Repeat the records below exactly from the line containing "詳細信息 RT33B,RT3" to the line containing "พ่อเฒ่าวัย 79 ปีที่กำแพงเพชร", taking in both of those lines. Drop the pictures.

Records drawn from a dataset:
○ ○ ○ ○
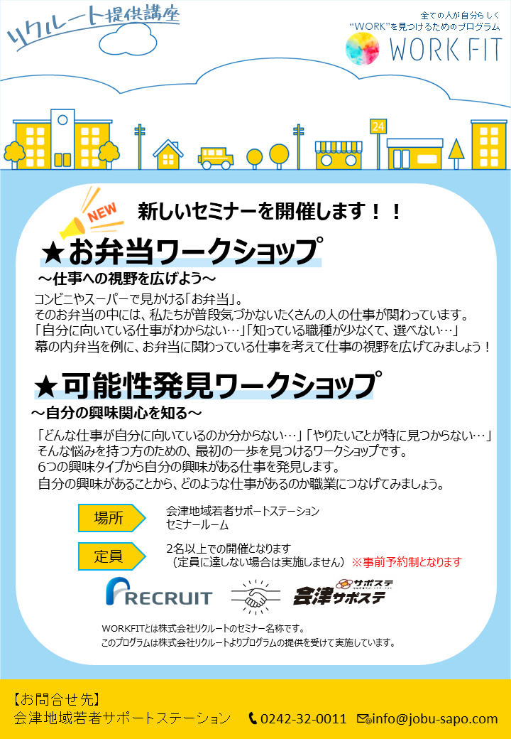 ご予約は、会津地域若者サポートステーション(0242-32-0011)までお願いいたします。
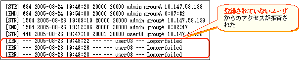 接続を許可している利用者から、接続されていることを確認してください。許可していないユーザ名がログに書き込まれている場合は、利用実態を調査するなどの対応をしてください。
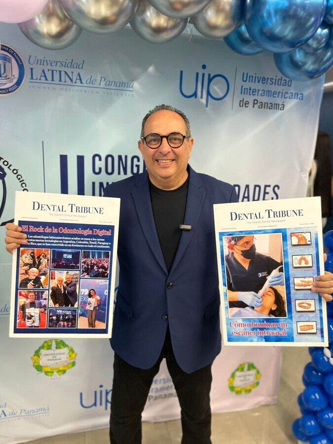 El Dr. Enrique Jadad, conferencista principal del Congreso Interuniversidades de Odontología, sostiene dos portadas de Dental Tribune de 2024.
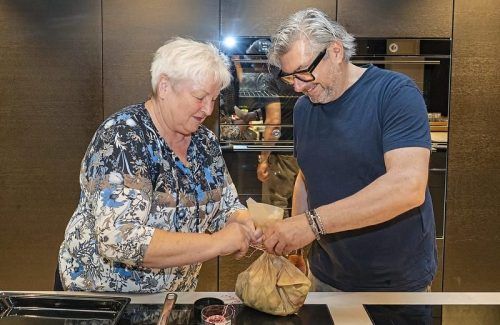 Zusammen geht‘s am besten: Leserin Barbara Baumer bindet das En-papillote-Päckchen mit Spitzenkoch Hans Jörg Bachmeier zu. So bleibt
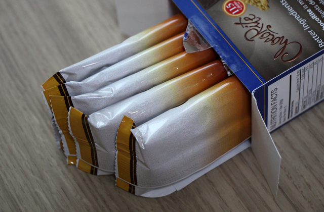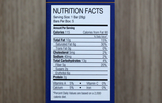 1箱あたり5バー入り。 円安でちょっと前より価格上昇しているかなと思いますが、1バーあたり170円に満たない位と、糖質オフのお菓子としてはお安い印象です。
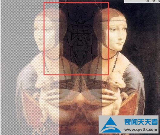 同样是将《抱银鼠的女子》给镜像,在上图红框框中,我们可以看到一副外星人的简笔画,与岩间圣母的外星人模样极为神似。
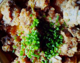腌制好后放入蒸肉粉搅拌均匀,就可以上锅蒸了,蒸到排骨变色,传出香味就熟了
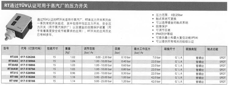 詳細信息 RT33B,RT30AS,RT30AB,RT30AW,RT31S,RT19B,RT19W,壓力開關(guān)
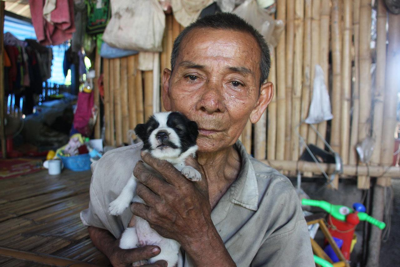 พ่อเฒ่าวัย 79 ปีที่กำแพงเพชร สำนึกในน้ำนม ‘แม่หมา’ ที่กินมาจนโต รอดชีวิตมาได้ หลังแม่แท้ๆ ป่วยไม่มีนมให้กิน ทุกวันนี้เลยเลี้ยงหมาทุกตัวอย่างดี ให้นอนในกระสอบกันยุง กินอาหารด้วยกัน และไม่โกรธหากใครจะด่าว่า ‘ลูกหมา’
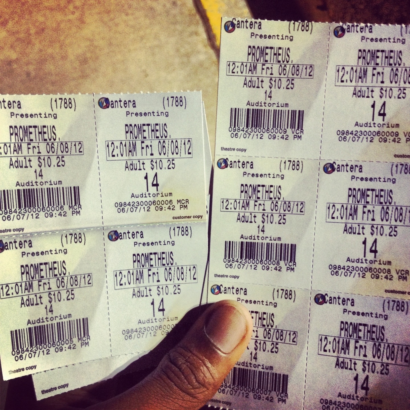 At the movie theater & ready for Prometheus!!! The cool part about this midnight experience is that I haven’t had an anticipation buildup for it. I didn’t really pay attention to the trailer when I saw at in the theater. My sister basically got me interested in it recently, so I’m gonna watch it (plus the NBA & other companies have helped hype it). Let’s get surprised!!
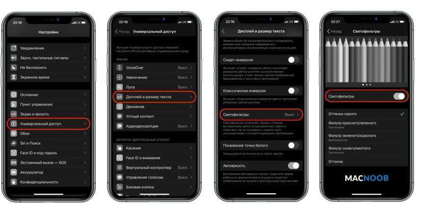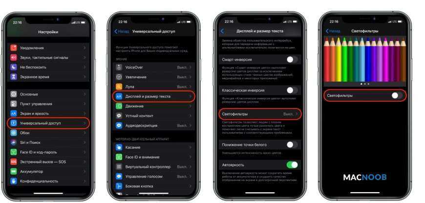 Для этого перейдите в «Настройки», откройте Универсальный доступ → Дисплей и размер текста → Светофильтры и деактивируйте ползунок.
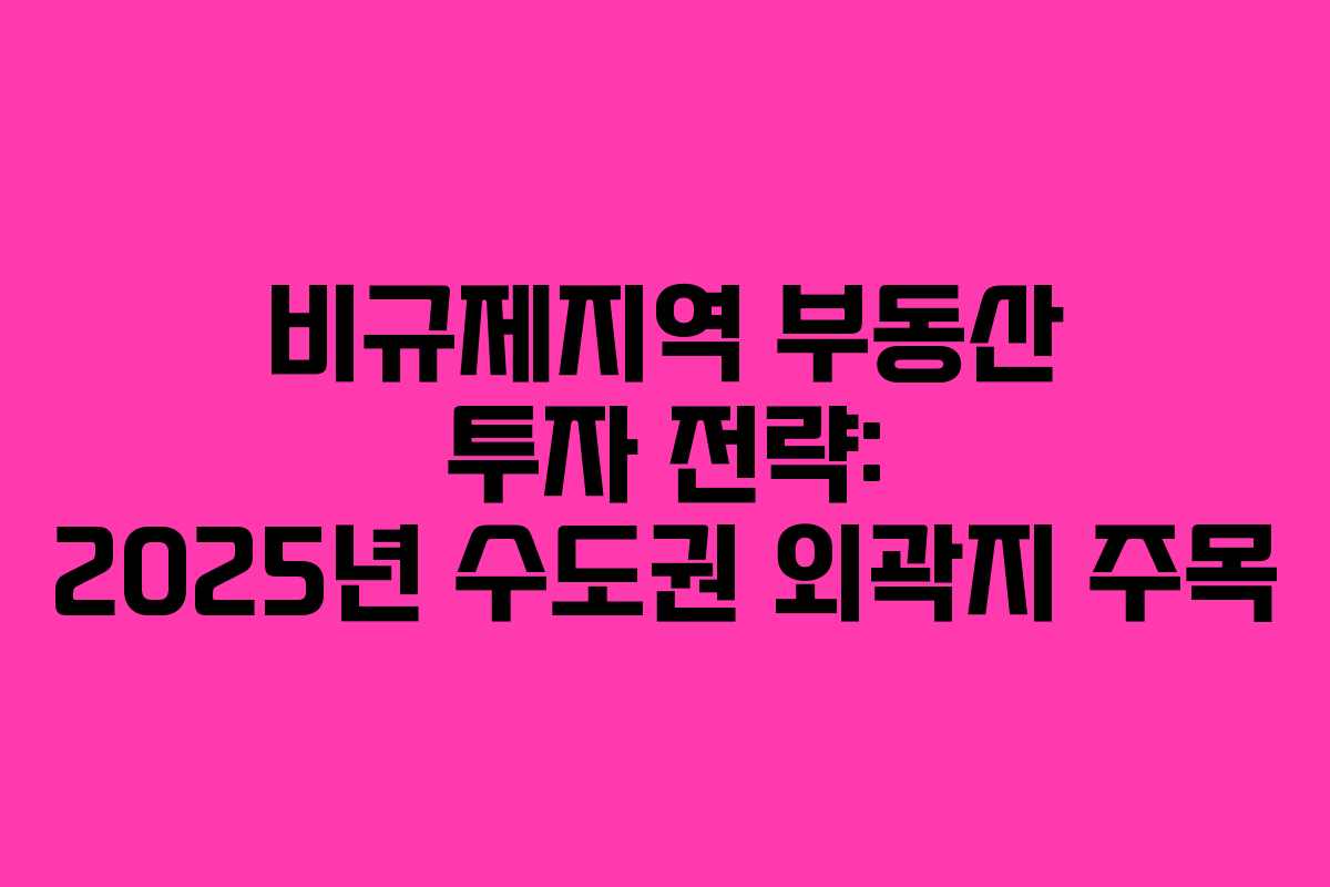 2025년 부동산 시장은 비규제지역에 대한 관심이 높아지고 있습니다. 특히 수도권 외곽지역이 조정대상지역에서 해제됨에 따라 투자자들에게 기회의 장이 열리고 있습니다.
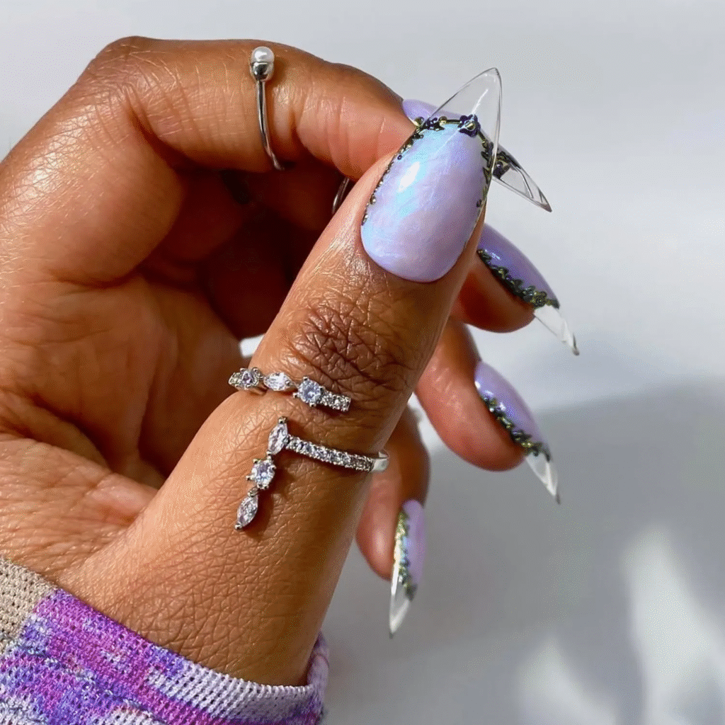 For a unique twist on the classic French manicure, try this iridescent lavender design. The clear gel tips add a modern and futuristic feel, giving the nails a shiny, opalescent glow.
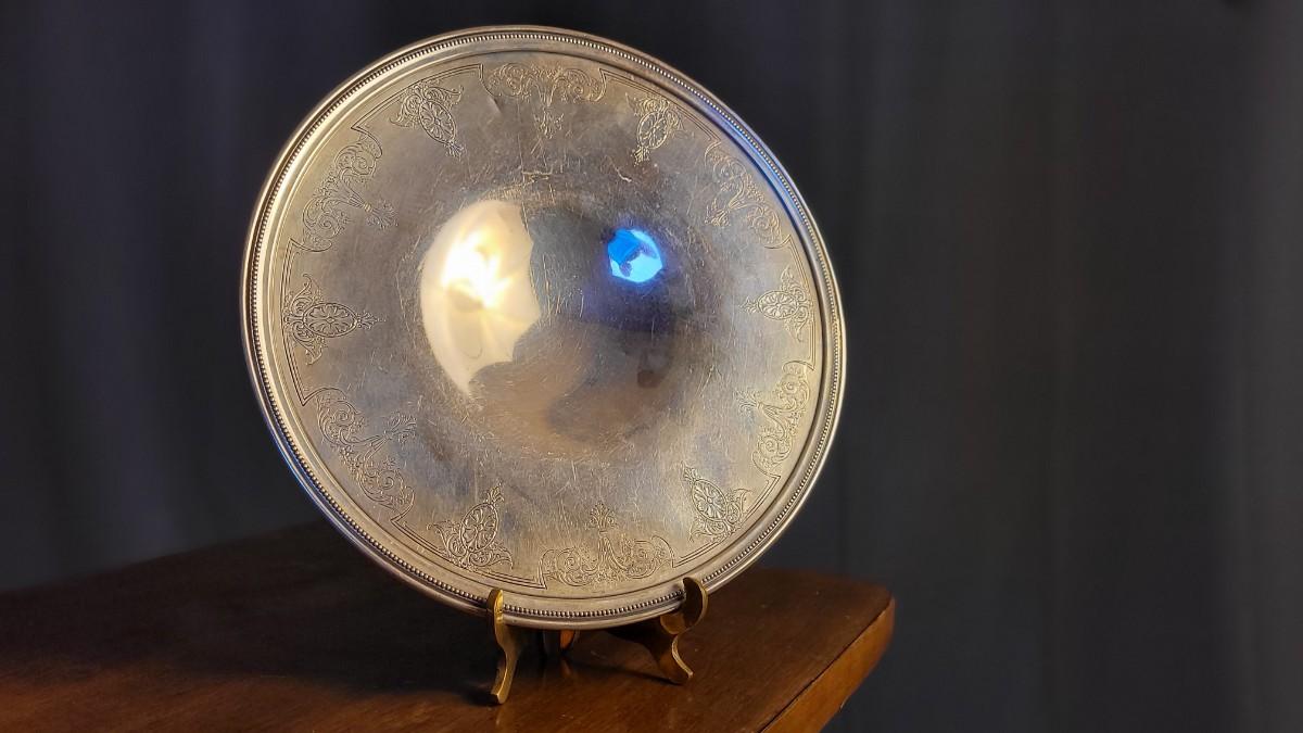This Vintage WALLACE Sterling Silver Platter has a beautiful chaised design and is in nice condition for age. A few small dings but overall a good example. 10" Wide. Approximately 318 Grams.
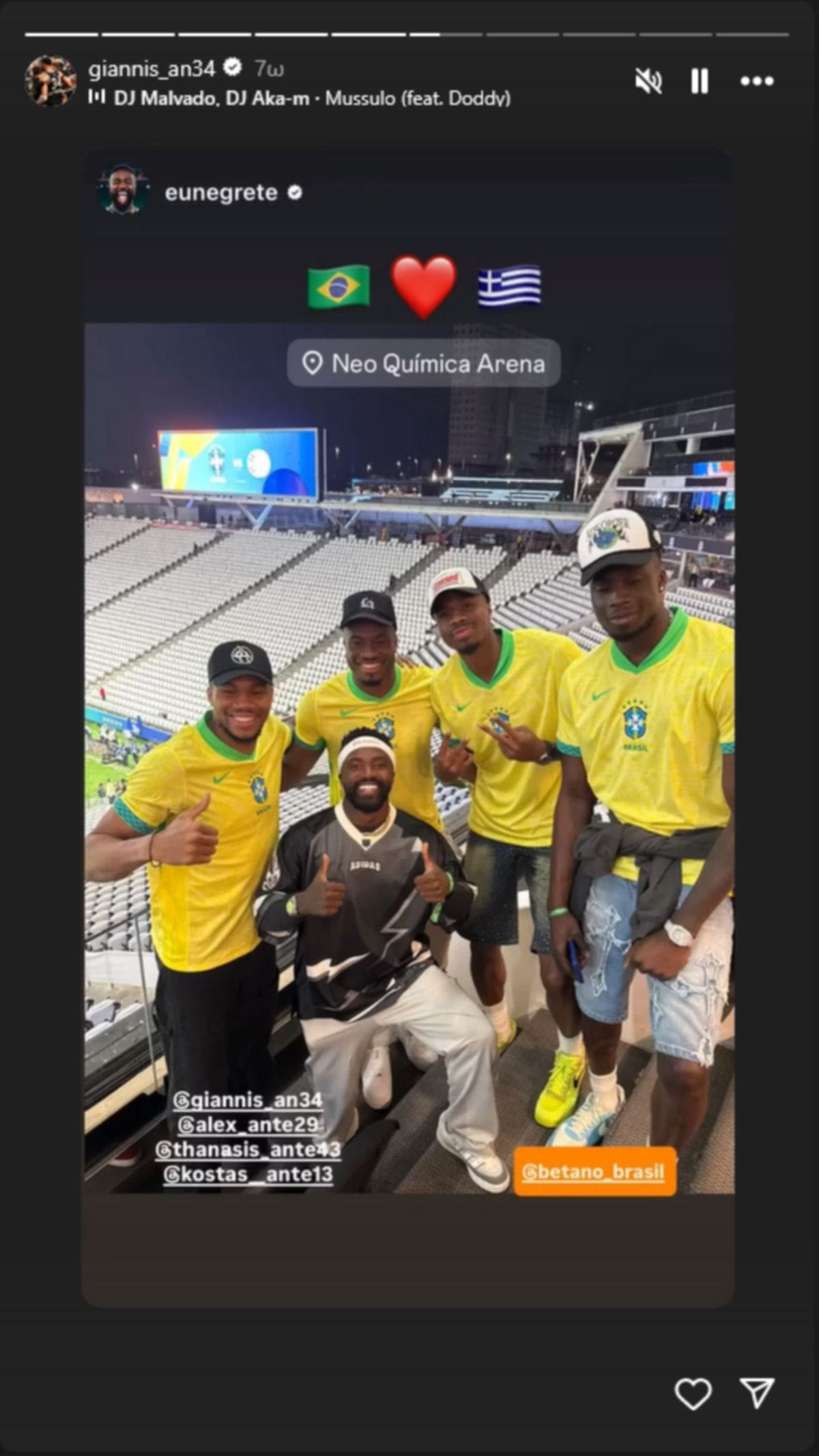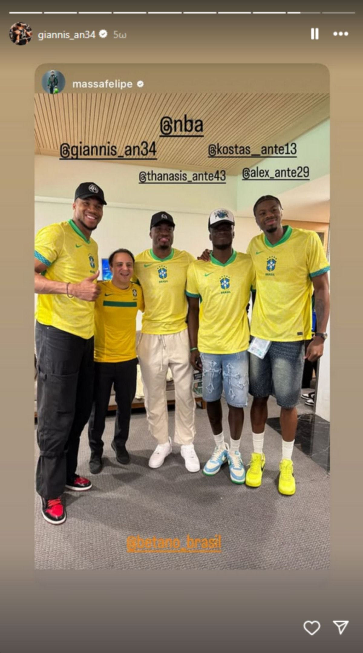 Η εθνική Βραζιλίας είχε μερικούς εκλεκτούς καλεσμένους στην εντός έδρας αναμέτρηση με την Παραγουάη για τα προκριματικά του Μουντιάλ, με τον Γιάννη Αντετοκούνμπο να δηλώνει παρών στην NeoQuimica Arena μαζί με τους Θανάση, Κώστα και Άλεξ και να φορούν όλοι τους φανελες της Σελεσάο.
○ ○ ○ ○
## Solution to this exercise
 詳細信息 RT33B,RT30AS,RT30AB,RT30AW,RT31S,RT19B,RT19W,壓力開關(guān)
 พ่อเฒ่าวัย 79 ปีที่กำแพงเพชร สำนึกในน้ำนม ‘แม่หมา’ ที่กินมาจนโต รอดชีวิตมาได้ หลังแม่แท้ๆ ป่วยไม่มีนมให้กิน ทุกวันนี้เลยเลี้ยงหมาทุกตัวอย่างดี ให้นอนในกระสอบกันยุง กินอาหารด้วยกัน และไม่โกรธหากใครจะด่าว่า ‘ลูกหมา’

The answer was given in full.